Родина слышит, Родина знает… Главное – в любой ситуации не предаваться отчаянью и не терять надежду на лучшее. Может быть, здесь не так уж и плохо. Может быть, всё это необходимо для приобретения бесценного опыта. Может быть всё что угодно…
– Эй, новенькая, сюда давай, тут тепло. – Возле железной печурки на грубо сколоченной табуретке сидит сгорбленная фигура, и пока видно лишь тёмный силуэт на фоне отсветов пламени, гуляющих по бревенчатой стене, покрытой лоскутами обваливающейся штукатурки.

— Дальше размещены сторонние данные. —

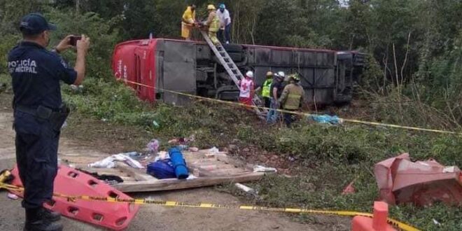 MÉRIDA, Yuc., 06 de febrero 2022.- Trágico domingo, luego de que un camión de pasajeros de ADO volcara esta mañana y dejara al menos 8 muertos entre ellos bebés y 20 personas lesionadas.
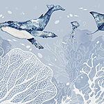 Fototapeten Ein Wal und Stachelrochen schwimmen im Meer

Человек… Женщина… Похоже – не старая… Зовёт к огню. Предлагает согреться. Лучшего никто здесь и не смог бы предложить. Платье, кажется, примёрзло к телу… – Ну, чего стала, как столб! Шевелись.
Лейла, скинув то, что осталось от туфель, приблизилась к источнику тепла, и на неё пахнуло жаром из топки.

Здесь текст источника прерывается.